# Welche Fische?



## tomz (5. Nov. 2007)

Könnt ihr mir sagen welche Fische in einen 500 l Teich hinein passen
(ja ich weiß aber ich will eigentlich nur einen Zierteich einen kleinen und 500 l reichen eigentlich für mich. 

Bitte schreibt mir alle Fische auf die passen würden!

Danke
Gruß
tomz


----------



## simon (5. Nov. 2007)

*AW: Welche Fische?*

hallo tomz
dem fisch zuliebe würde ich zu KEINEM fisch raten
oder wolltest du nen leben lang in nem minizimmer leben wollen??
gruss simon


----------



## katja (5. Nov. 2007)

*AW: Welche Fische?*



			
				tomz schrieb:
			
		

> Könnt ihr mir sagen welche Fische in einen 500 l Teich hinein passen
> (ja ich weiß aber ich will eigentlich nur einen Zierteich einen kleinen und 500 l reichen eigentlich für mich.
> 
> Bitte schreibt mir alle Fische auf die passen würden!
> ...






ich weiß jetzt  nicht so genau, warum du diese frage stellst........

laut deinem profil hast du doch schon goldfische und shubunkins in deiner pfütze...:shock


----------



## tomz (5. Nov. 2007)

*AW: Welche Fische?*

Katja
Ja ich weiß aber ich möchte mich informieren ob ich alles richtig mache!

gruß
tomz


----------



## katja (5. Nov. 2007)

*AW: Welche Fische?*

ob du alles richtig machst??? 

das hast du aber auch schon in einem anderen thread gesagt bekommen, das man in 500 l *KEINEN* fisch halten sollte!


----------



## Hawk0210 (5. Nov. 2007)

*AW: Welche Fische?*

Hallo tomz,

darf ich mal fragen wieviele Fische du in deinem Teich hast???


----------



## chromis (5. Nov. 2007)

*AW: Welche Fische?*

Hi,



> Bitte schreibt mir alle Fische auf die passen würden!
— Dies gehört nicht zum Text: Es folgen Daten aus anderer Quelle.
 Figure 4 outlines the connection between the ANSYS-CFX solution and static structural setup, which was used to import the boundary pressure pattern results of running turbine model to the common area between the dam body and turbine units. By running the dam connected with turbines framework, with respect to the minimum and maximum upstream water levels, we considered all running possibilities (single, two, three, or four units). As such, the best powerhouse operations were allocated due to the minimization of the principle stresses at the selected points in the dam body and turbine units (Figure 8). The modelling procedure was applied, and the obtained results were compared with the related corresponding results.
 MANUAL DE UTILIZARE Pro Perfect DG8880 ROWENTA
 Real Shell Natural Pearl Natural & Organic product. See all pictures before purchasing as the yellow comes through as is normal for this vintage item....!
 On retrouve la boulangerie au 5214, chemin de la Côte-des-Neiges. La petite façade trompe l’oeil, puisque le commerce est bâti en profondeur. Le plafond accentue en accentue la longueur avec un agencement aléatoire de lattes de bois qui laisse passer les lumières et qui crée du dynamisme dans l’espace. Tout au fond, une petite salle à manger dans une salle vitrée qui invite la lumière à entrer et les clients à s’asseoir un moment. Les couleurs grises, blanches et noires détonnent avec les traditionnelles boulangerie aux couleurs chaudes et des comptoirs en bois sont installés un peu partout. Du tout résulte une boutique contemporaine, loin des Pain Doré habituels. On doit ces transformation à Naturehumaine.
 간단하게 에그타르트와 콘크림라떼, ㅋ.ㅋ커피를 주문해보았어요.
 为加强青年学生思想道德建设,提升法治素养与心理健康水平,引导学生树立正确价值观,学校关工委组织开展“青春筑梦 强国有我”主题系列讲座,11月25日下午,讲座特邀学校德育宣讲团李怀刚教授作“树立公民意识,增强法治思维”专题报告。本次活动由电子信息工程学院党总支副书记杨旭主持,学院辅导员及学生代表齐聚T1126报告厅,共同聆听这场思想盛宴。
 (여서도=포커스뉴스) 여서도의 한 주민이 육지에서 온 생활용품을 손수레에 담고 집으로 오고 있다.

nimm doch, wie von Dir in einem anderen thread empfohlen, die algenfressenden __ Graskarpfen oder einen __ Hecht, der bei viel Hunger immer aus dem Teich springt.

Man mag es gar nicht glauben, was alles von selbsternannten Internet-Fachleuten empfohlen wird  

Gruß
Rainer


----------



## Steingarnele (5. Nov. 2007)

*AW: Welche Fische?*



			
				katja schrieb:
			
		

> ob du alles richtig machst???
> 
> das hast du aber auch schon in einem anderen thread gesagt bekommen, das man in 500 l *KEINEN* fisch halten sollte!



[iro on]
Hi,

also Katja ein paar Wild Guppy's gehen da schon im Sommer rein *gg*  
[iro off] :smoki


----------



## Jo-Hamburg (6. Nov. 2007)

*AW: Welche Fische?*

Hi,

ich denke mal auch für ein paar Ölsardinen ist noch Platz.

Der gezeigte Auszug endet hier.